In this study, the investigators will compare: (a) group supervised in-centre and (b) home-based supported exercise programs to see which program is most effective for men with PC on ADT. The investigators will also look at what motivates people to continue to exercise both during a structured program and after the program is complete and will examine which exercise program is most cost-effective.

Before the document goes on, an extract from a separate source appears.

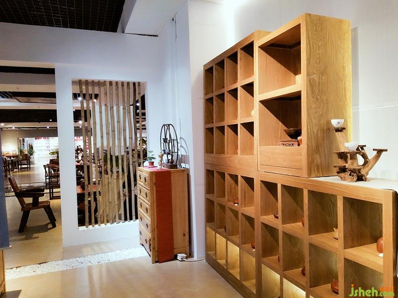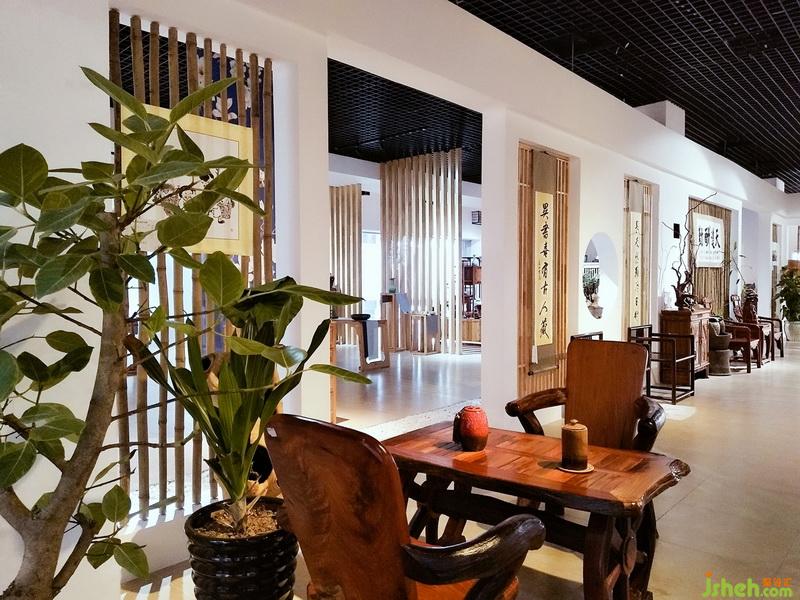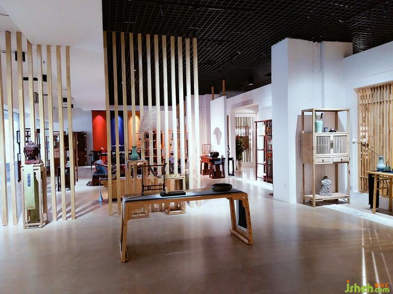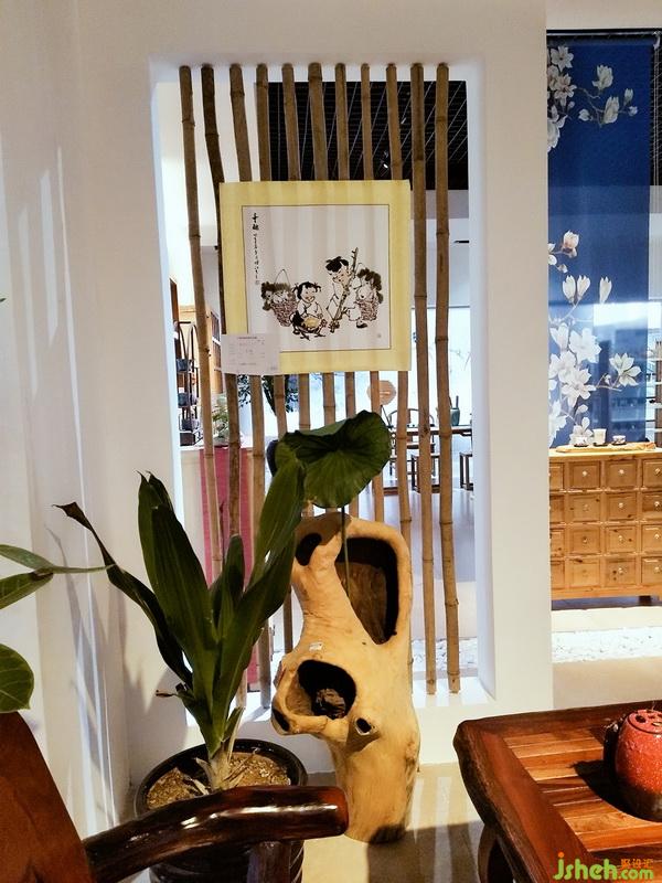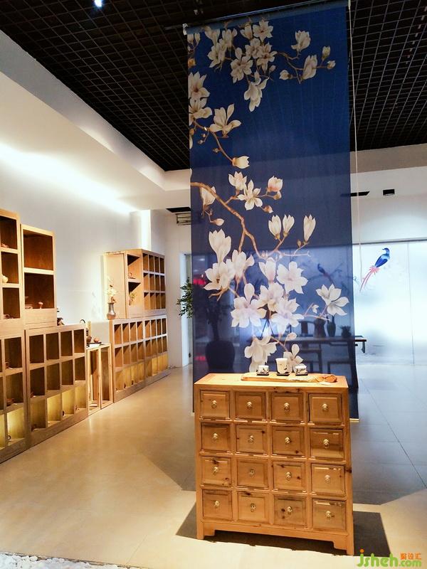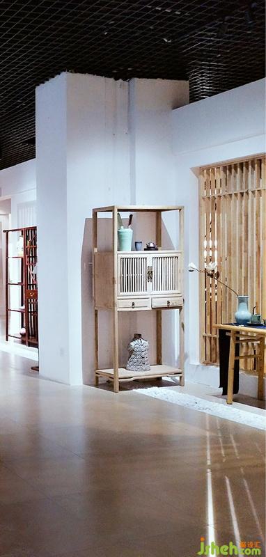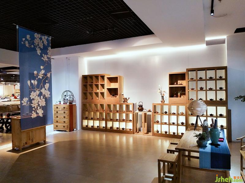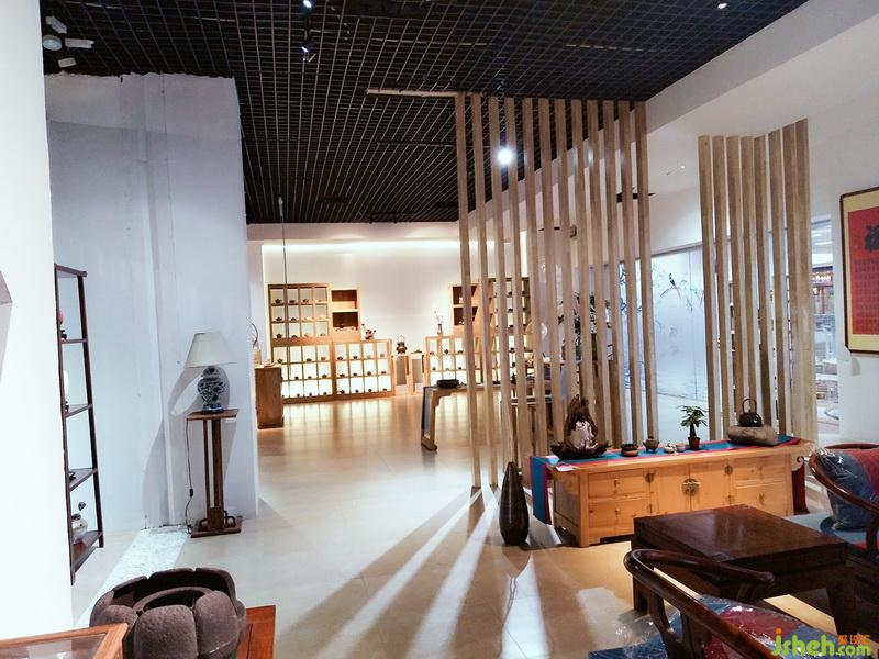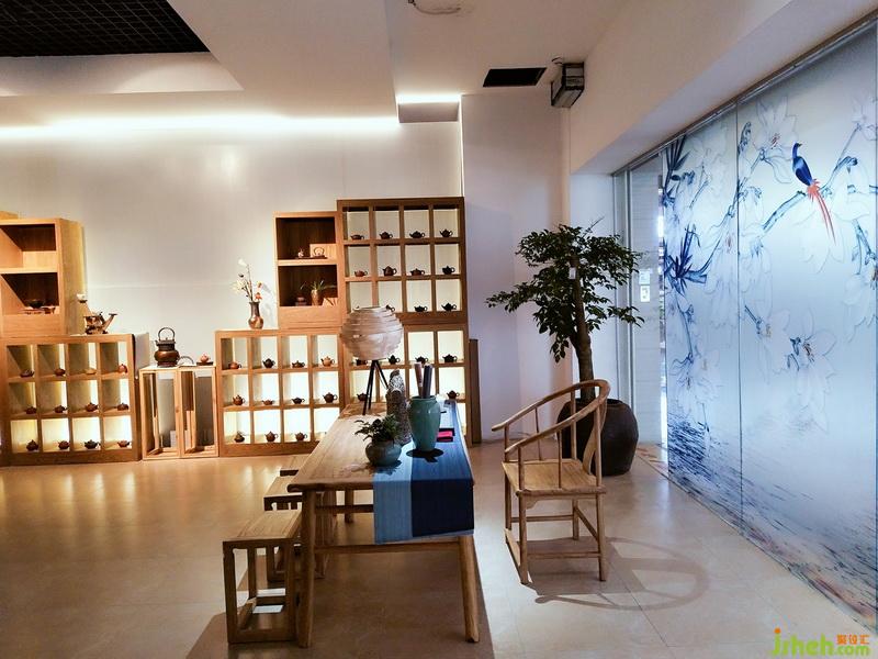空间区域划分为开敞式家具展示区、相对封闭的体验式茶艺区和茶具展示区,区域分割以镂空隔断为主,隔而不断,相互连接,体现静怡、谦和气质。白石子优雅,木格栅朴素,古人云: “宁可食无肉、不可居无竹”,竹子配以禅意风格装饰画、白墙,给人带来一片安逸与禅意。

Participants (men with PC on ADT) will be recruited from one of the following cancer centres: Princess Margaret Cancer Centre in Toronto, the Tom Baker Cancer Centre in Calgary, the Southlake Regional Health Centre in Newmarket, and Scarborough and Rouge Hospital - Centenary Site in Scarborough. When a patient agrees to participate, patient will be randomly placed in 1 of 2 exercise programs. All programs will include the same type of exercises (aerobic, resistance and flexibility) and all participants will exercise 4-5 days per week for 30 minutes per day (as tolerated) for the length of the program (6 months). The investigators will look at how men with PC on ADT respond to the exercise program by measuring quality of life (QOL), fatigue and different physical measures before, during, and after the exercise program.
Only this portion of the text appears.